これが見ていてなかなかしんどい。僕はこちら側だったと感じる。つらい側、虐げられる側、気味悪がられる側。この映画の感想について、よく狂気だとか言われている。優しかったアーサーに不幸が重なることで、次第に狂っていくとか。でも僕自身はアーサーは決して狂っていないと思うし、病気のそれを言うなら元から狂っていたことになるし、破壊と暴力に走るのは狂気に駆られたからではなく、必然、当然の帰結。ただ怒りが噴出したか、もしくは吹っ切れただけと言える。正当な反抗を狂気だなんてとらえられたら、こっちとしたらたまったもんじゃない。一緒に見に行っていた人の一人が「アーサーはかわいそうだけど、あんな人が近くにいたら嫌だ」と言っていて、あちら側の人にはそう見るんだろうなと思った。おそらく、映画館に見に来ていたカップルの大半もあちら側。今この映画館にいる自分だけが、アーサー側にいると思わせられる。

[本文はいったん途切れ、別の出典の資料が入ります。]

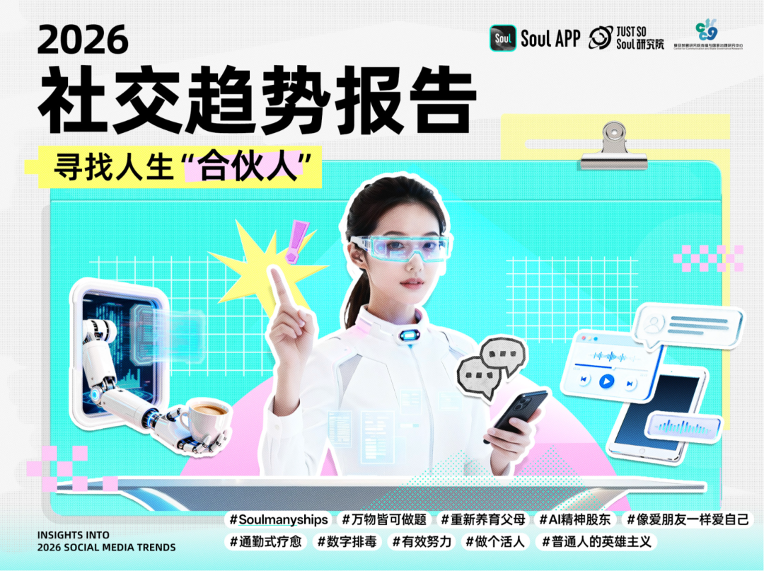 Just So Soul 联合复旦大学传播与国家治理研究中心、复旦大学价值认知传播与人智协同治理交叉创新团队发起调研,发布《2026 年社交趋势报告》,总结出当代年轻人社交行为及观念变迁的 10 大关键词。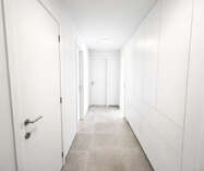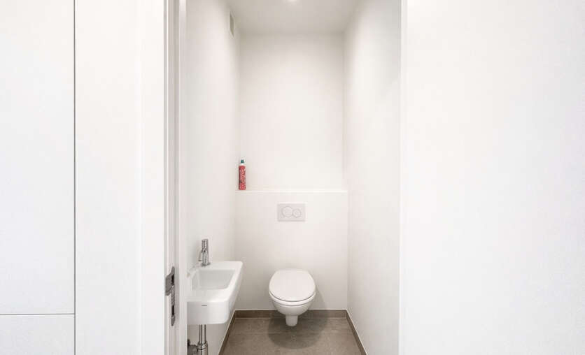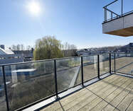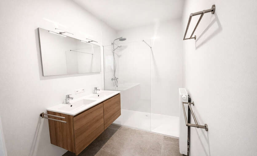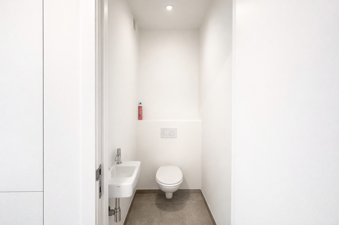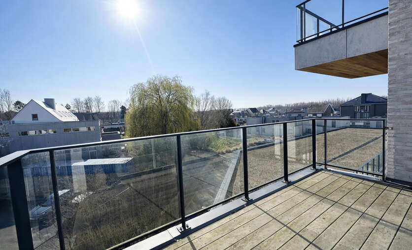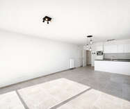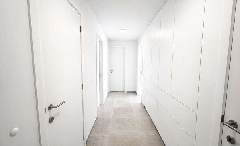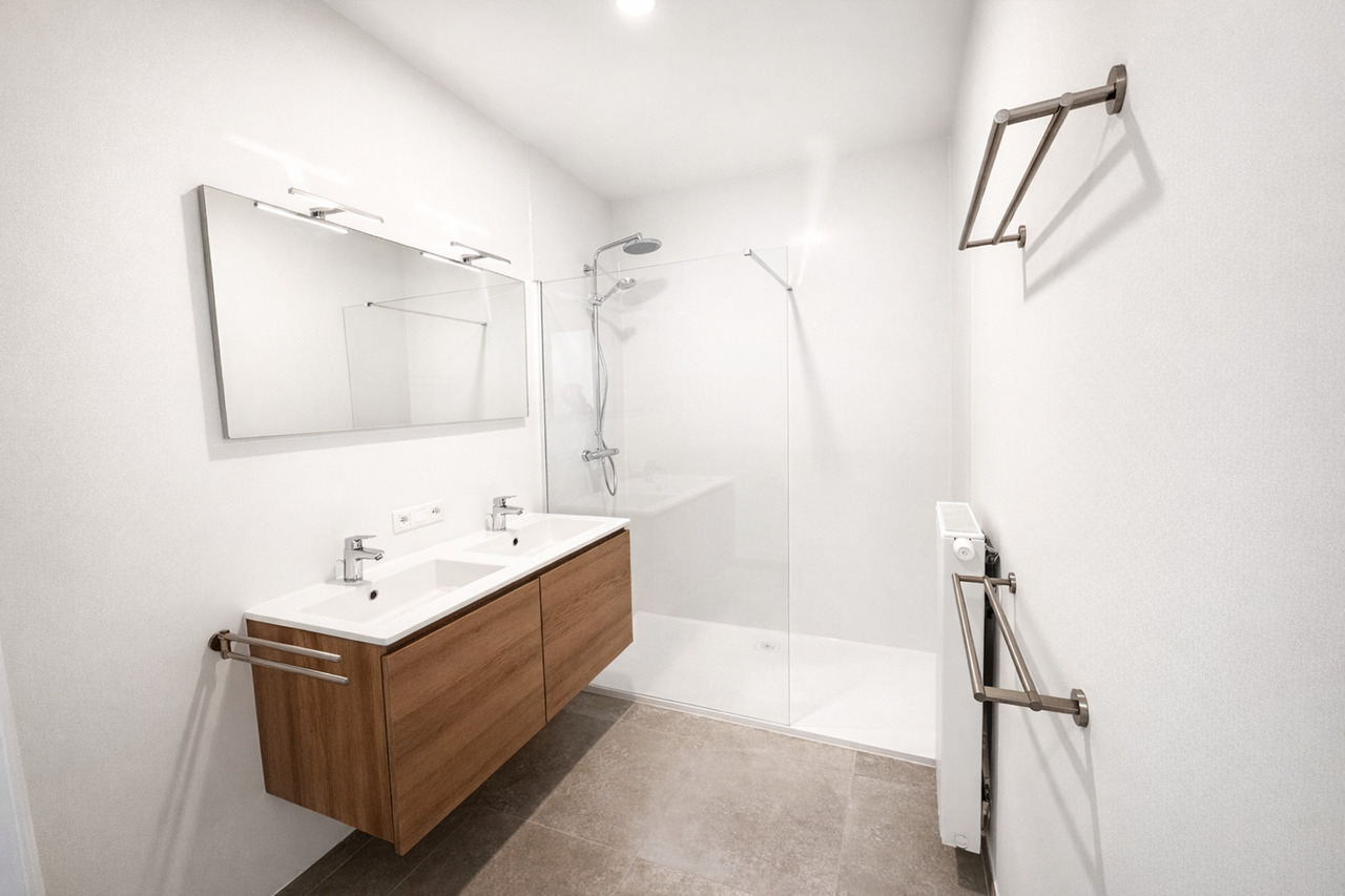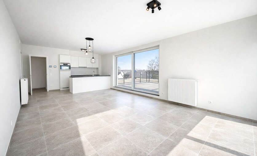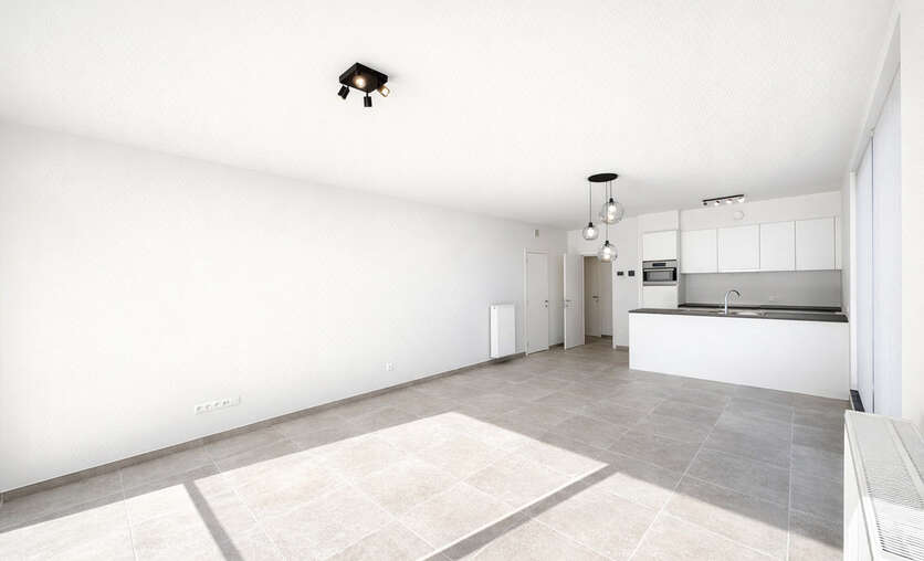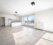 Bij het binnenkomen kom je in een centrale inkomhal die toegang geeft tot een apart gastentoilet, de leefruimte, de 2 slaapkamers en de badkamer. De ruime leefruimte met eetplaats vormt het hart van het appartement en sluit naadloos aan op de open keuken. Deze leefruimte biedt veel natuurlijke lichtinval en geeft rechtstreeks uit op 2 grote, zonnige terrassen — ideaal om te ontspannen of gezellig buiten te eten.
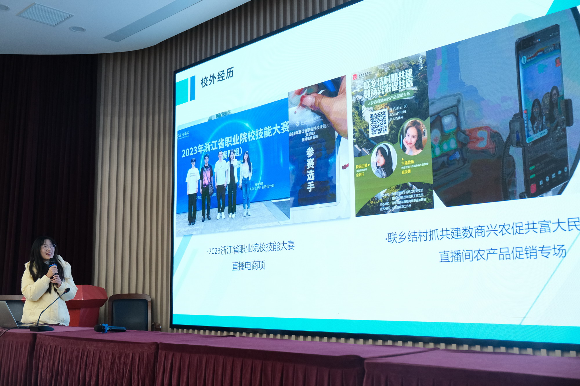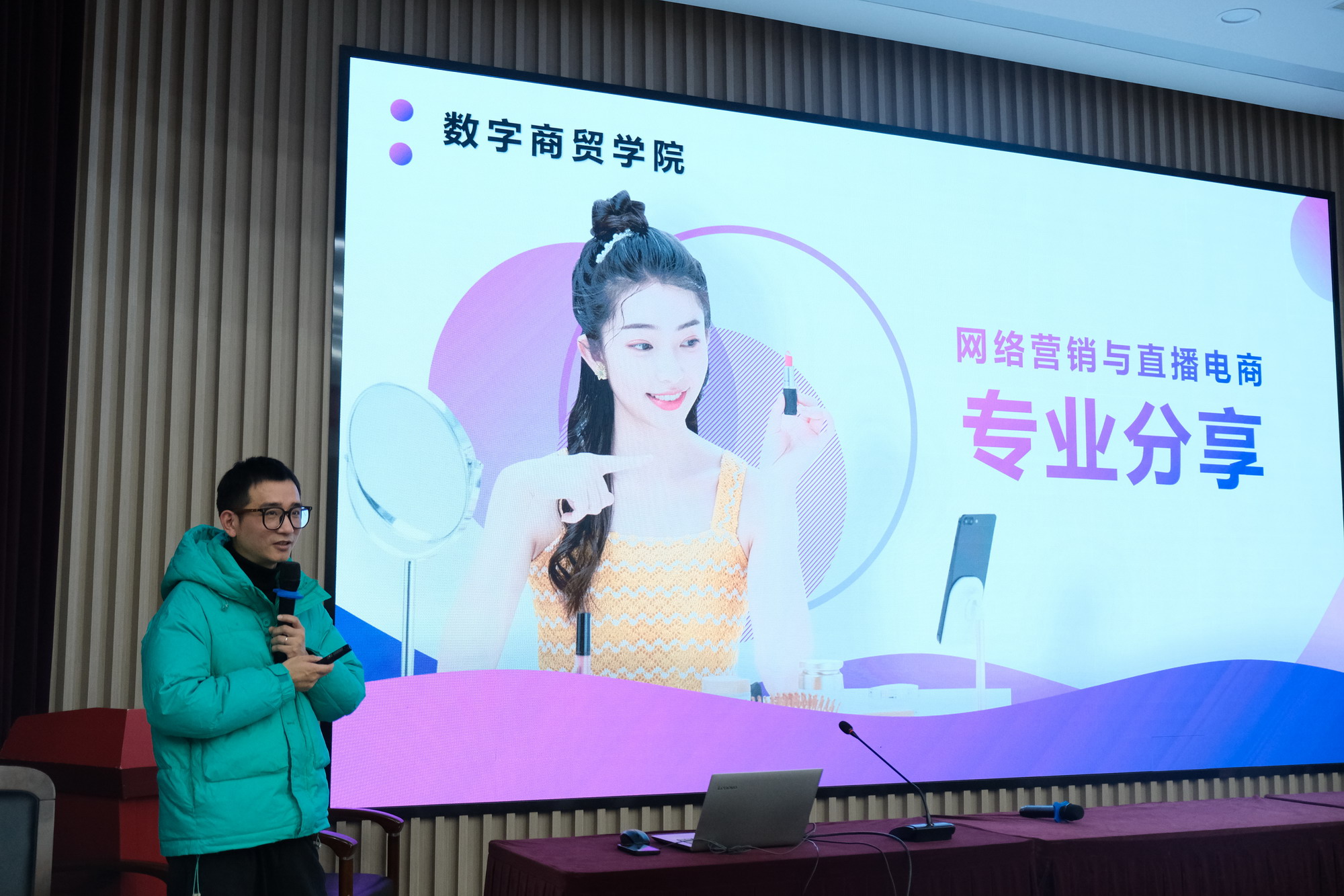 下午14点,100多名同学齐聚一号报告厅,聆听了学校相关讲座。首先,数字商贸学院院长助理吴有权老师介绍了育英学校和数字商贸学院的概况,并对数字商贸学院的专业构成及课程内容进行了简要介绍。接着,网络营销与直播电商专业负责人郑天为同学们详细介绍了该专业的基本情况,从直播行业到专业内容,系统地为同学们阐述了升学后的学习与培养方向。郑老师还通过近几年的教学、外事和实践活动视频向同学们展示了专业的活动。最后,21直播电商专业的学姐金碧洋上台,以学姐的身份分享了她三年来在专业学习与实践中的经历,并激励学弟学妹们要认真学习专业知识,积极参与学校的实践项目。

しかしこの映画が鬱映画かというと決してそうではない。ジョーカーはちゃんと爆発するからだ。その爆発っぷりがなんともすがすがしくて、タメとして作用するどん底への落ち込みも予想以上だったし、そこから吹っ切れたあとの爽快感も予想以上だった。予告だけで「こんな程度かな」と思っていたのが見事に裏切られて喜ばしい。見ていて実に楽しい映画だ。内容のディテールについてもあらゆる解釈が飛び交っており、議論の的になる映画でもあった。もう1回見たい。

ついでに言うと、僕はバットマンのファンではなく、ダークナイトは初回しか見ていない。最近のDCユニバースモノ?であるバットマンvsスーパーマンとかも見ていない。ジャスティス・リーグだけ見てわけわからなかった。そういったアメコミ文脈でジョーカーを期待していると、がっかりするかもしれない。特にダークナイト好きには今回のジョーカーが評判悪い。映画館の客層もおそらくアメコミ映画ファンが多かったのだろう。